Latinos are both the fastest growing and the largest community of the 2020 electorate. Could they define who the next president will be?
From butchering the Spanish language at the Democratic debates to giving interviews on Telemundo, the 2020 presidential candidates are surely paying attention to Latinos now. And with good reason. A study of demographic trends carried out by Anthony Cilluffo and Richard Fry has revealed that Latinos will be the largest minority of potential voters in the United States. With a record turnout on the 2018 midterm elections, an increase of 174% for Latino voters, no less, there has been a 295.1% growth in new registered Hispanic voters, and we can expect that number to keep growing for 2020. This means Latinos could define 2020, and some of the candidates have caught on.
To get an idea of what we're talking about, here are the raw numbers: 32 million Hispanics will be eligible to vote in 2020. Compare that to 30 million African-Americans and 11 million Asian-Americans.
Could these elections change the trend? After all, white people remain the majority in the United States, but in a 20-year span, the white voters’ share of the total votes has dropped about 10 percent, from 76.4 to 66.7. Besides, people of color now make up their largest percentage ever, totaling a third of the vote, especially thanks to the increase in Hispanics.Also, the Pew Research Center claims one-in-ten eligible voters will be members of Generation Z. In 2020, Gen Z eligible voters are expected to be 55% white and 45% non-white, including 21% Hispanic, 14% Black, and 4% Asian or Pacific Islander: one of the most diverse groups of the entire electorate.
Democrats tend to take the Latino vote for granted, having won 70% of it in the last presidential election. However, the Pew Research Center warns that younger voters, especially younger Latino voters, are kind of a dark territory: “It remains unclear how these patterns might factor into the 2020 election and, as always, a great deal will depend on who turns out to vote.”

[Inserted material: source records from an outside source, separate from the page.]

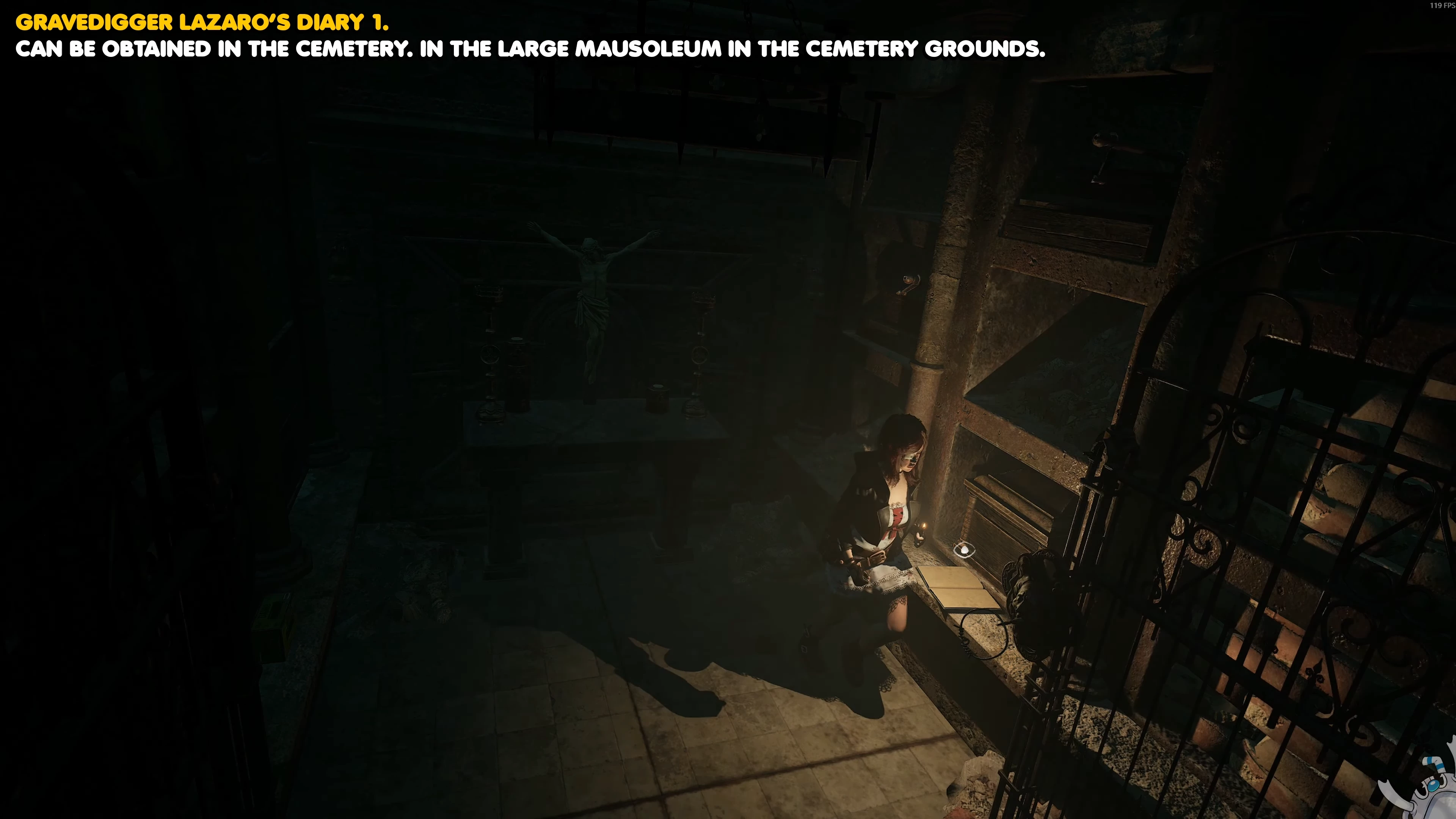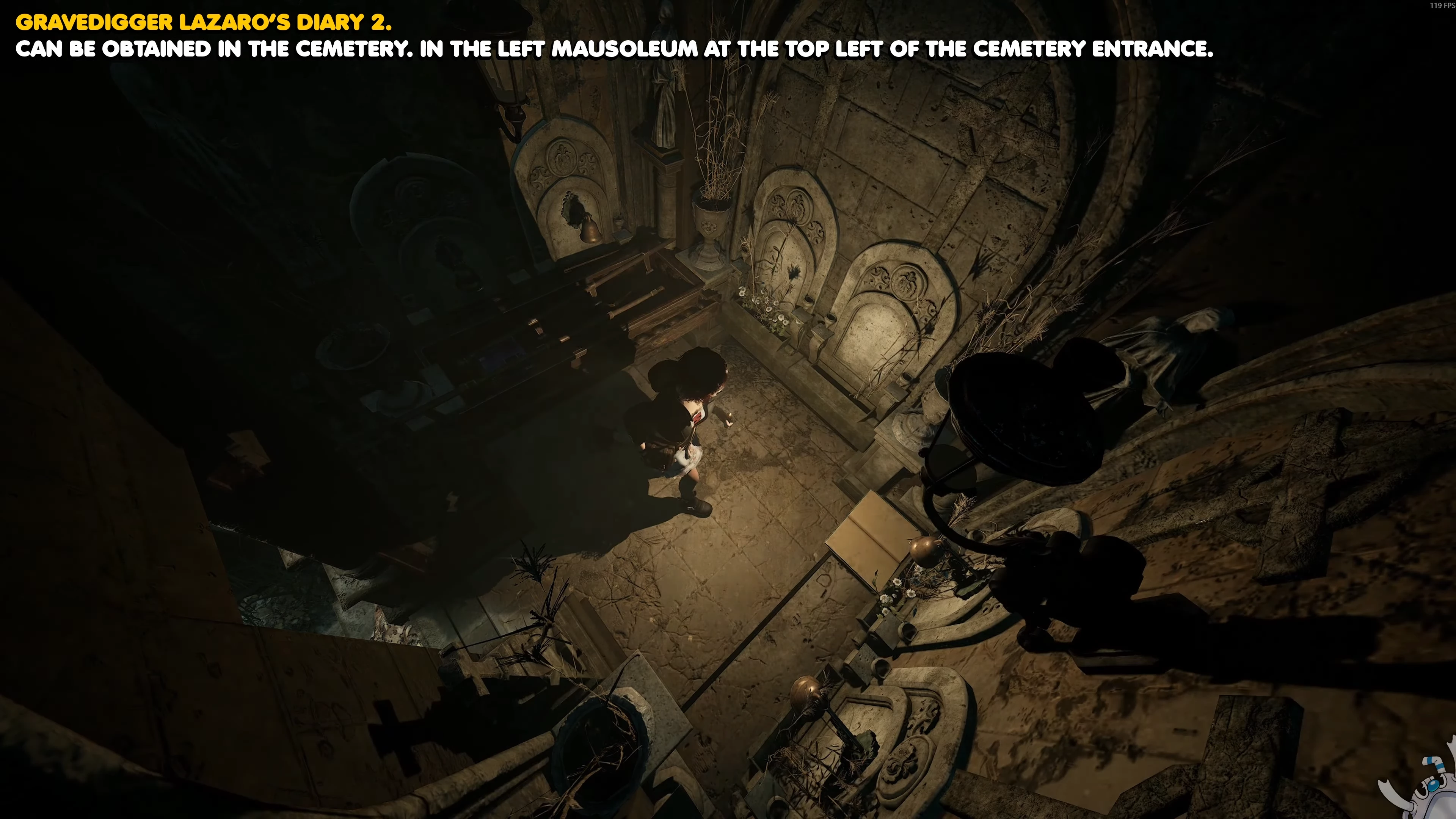 У главного входа на кладбище, перед железными вратами, пройдите в мавзолей слева. На каменной лавочке будет вторая часть дневника могильщика.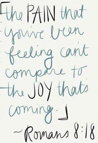 Romans 8:18 – “The pain that you’ve been feeling, can’t compare to the joy thats coming.”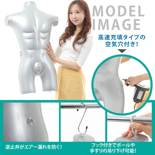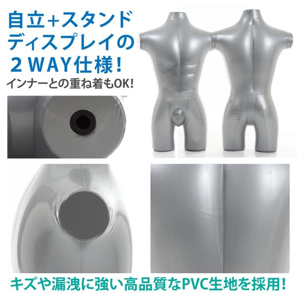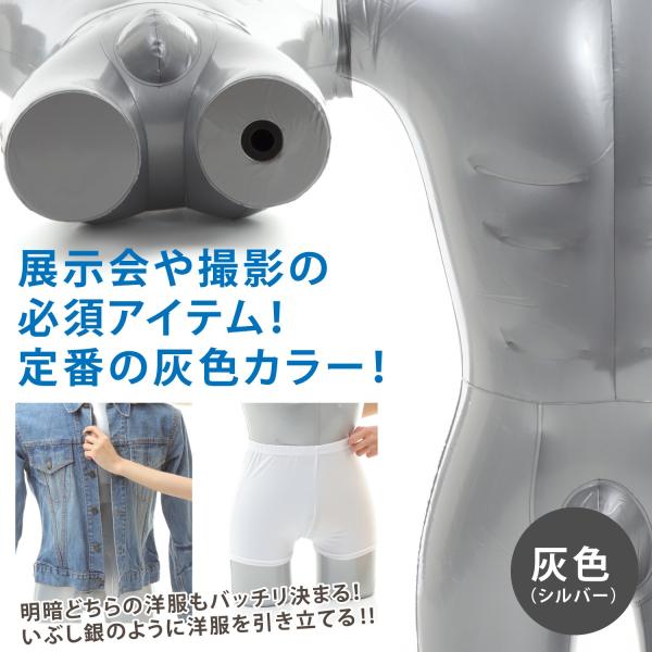 エアーマネキン マネキン トルソー 上半身 ボディ 男性 メンズ エアー 空気 式 服 アパレル 自立 吊り スタンド ディスプレイ 等身大 フリマ 撮影 灰色 取説付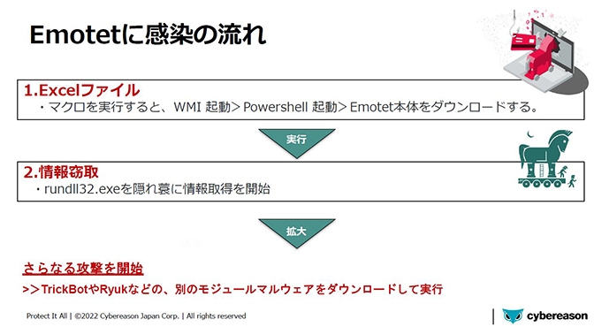 2022年に入り、Emotetと呼ばれるマルウェア(コンピュータウイルス)の感染数が爆発的に伸びています。本Blogでは日本のマルウェア検知・対策製品市場で高いシェアを持つCybereasonのプロフェッショナルによる講演をもとに、Emotetの特徴と対抗手段をご紹介します。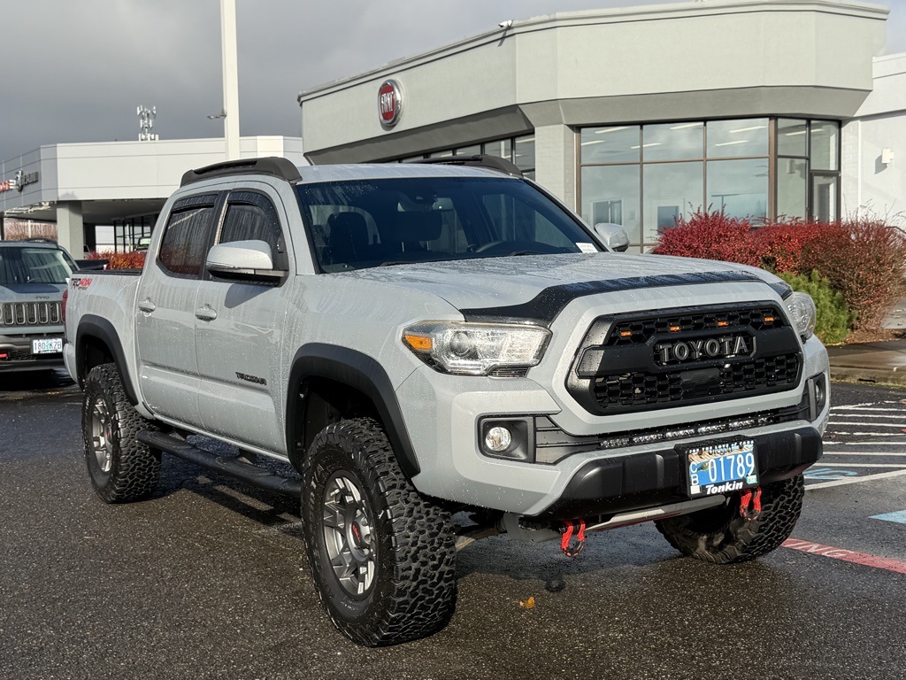 CARFAX One-Owner. Clean CARFAX. 2018 Toyota Tacoma TRD Off-Road V6 3.5L V6 PDI DOHC 24V LEV3-ULEV70 278hp 6-Speed 4WD 4D Double Cab Cement 4WD, 120V/400W Deck Mounted AC Power, ABS brakes, Air Conditioning, Auto-Dimming Inside Rear-View Mirror w/Compass, Black Overfenders, Blind Spot Monitor w/Rear Cross Traffic Alert, Color Keyed Rear Bumper, Compass, Custom Fuel Wheels and Off-Road Tires, Electronic Stability Control, Engine Immobilizer, Illuminated entry, LED Daytime Running Lamps, Low tire pressure warning, Power Sliding Rear Window w/Privacy Glass, Rear Parking Assist Sonar, Remote keyless entry, Remote Keyless Entry System, Technology Package, Traction control, TRD Off Road Package, Variable Intermittent Wipers, Wide Angle Front Fog Lamps. Come in to Ron Tonkin Chrysler Jeep Dodge Ram Fiat in Milwaukie to test drive today! DL0087.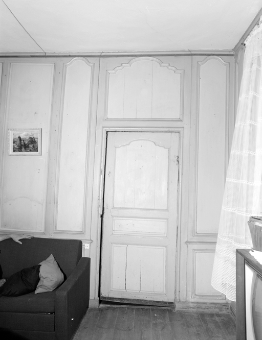 Premier étage, pièce nord, mur ouest, fenêtre et panneau intermédiaire, vue de l'estImmatriculation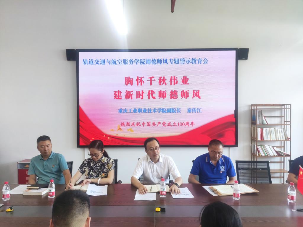 为持续加强教师师德师风建设,提高教师职业道德素养,提升教师队伍整体素质,9月24日,学校轨道交通与航空服务学院在第一实训楼4楼办公室召开进一步加强师德师风专项教育动员暨警示教育大会。会议邀请学校秦传江副院长做专题培训。轨道交通与航空服务学院领导及全体教师参加会议。会议由轨道交通与航空服务学院党总支书记、院长钟富平主持。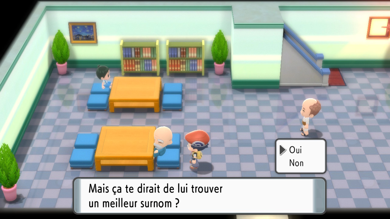 - Interagissez avec l’homme âgé assis sur votre droite. Il vous proposera d’évaluer les surnoms des Pokémon de votre équipe (et même ceux de votre PC).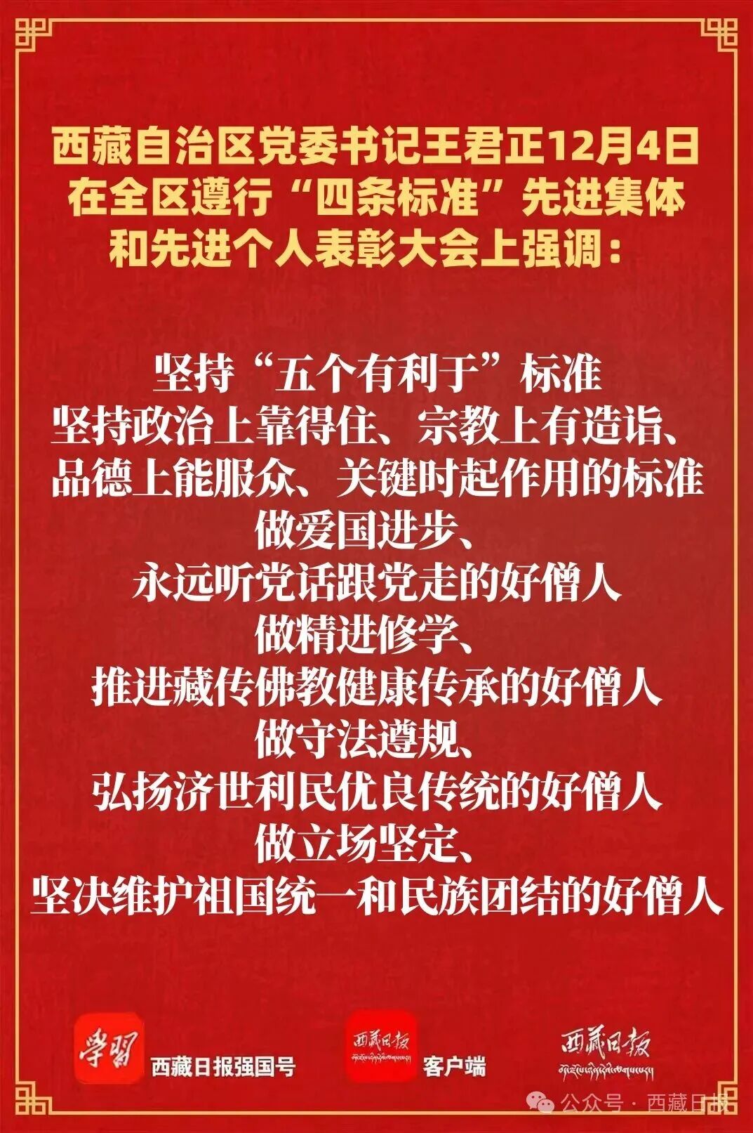 王君正强调,全区宗教界人士和广大僧尼要积极践行习近平总书记重要指示,坚持“五个有利于”标准,坚持政治上靠得住、宗教上有造诣、品德上能服众、关键时起作用的标准,做爱国进步、永远听党话跟党走的好僧人,做精进修学、推进藏传佛教健康传承的好僧人,做守法遵规、弘扬济世利民优良传统的好僧人,做立场坚定、坚决维护祖国统一和民族团结的好僧人,努力在促进民族团结、宗教和顺、西藏稳定发展进步中作出更大贡献。在爱国爱教、崇尚和谐上作标杆,衷心拥护中国共产党的领导,拥护社会主义制度,自觉维护祖国统一、民族团结,做到政治上靠得住。在修身立德、提高修为上作示范,潜心向学,弘扬佛法,深入研习宗教经典,娴熟掌握宗教仪轨,不断提升宗教修养,做到宗教上有造诣。在遵守法律、严守戒律上作表率,积极参与“学法规、守戒律、重修为、树形象”教育活动,秉持以戒为师的优良传统,用寺规戒律严格要求自己,做到品德上能服众。在护国利民、维护稳定上作贡献,进一步铸牢中华民族共同体意识、推进中华民族共同体建设,在大是大非面前立场坚定、旗帜鲜明,促进宗教和顺、社会和谐、民族和睦,做到关键时起作用。切实增强主人翁精神,参与社会主义现代化新西藏建设,紧紧围绕稳定、发展、生态、强边四件大事落实,推进“四个创建”取得新进展,为西藏更加美好的明天而不懈奋斗。

This last remark refers to the fact that even though there are more Latinos eligible to vote, one should factor in that Latino voter turnout has been historically low, a reason for non-profits like Voto Latino and Jolt to carry out campaigns like quinceañera parties featuring a table dedicated solely to voter registration. In the 2016 U.S. election, Pew finds, only about half of eligible Latinos cast a ballot, compared to 65.3 percent of white people and 59.6 percent of black people.
So, even though Latinos are growing at a significant rate, it’s unlikely that they’ll be a block big enough to decide next election. This has to do with turnout, obviously, but also where these Latinos are registered. And 90 percent of those registrations are concentrated in Arizona, California, Colorado, Florida, Georgia, North Carolina, New Mexico, Nevada, Pennsylvania, Texas, and Wisconsin. But in four big swing states, Georgia, Iowa, North Carolina and Ohio, Latinos make up 5 percent or less of eligible voters. And about 52 percent of all Latinos eligible to vote live in California, Texas, and New York, where there’s no further place to go in terms of campaigning.
Either way, Republicans could lose Latino voters. Even though 29% of them voted for Trump, two years into his administration US Latinos, their families and friends have either already lived through or witnessed the mistreatment and crackdown on undocumented immigrants, and the legal limbo in which Dreamers find themselves.Even if none of this helps vote Trump out of office, his policies might just have endangered the Republican party and its future with Latinos, the fastest growing community in the United States. And while the presidential elections are a tricky game, congressional elections are not. That's where Latinos could definitely make a difference. They simply have to show up and cast a ballot.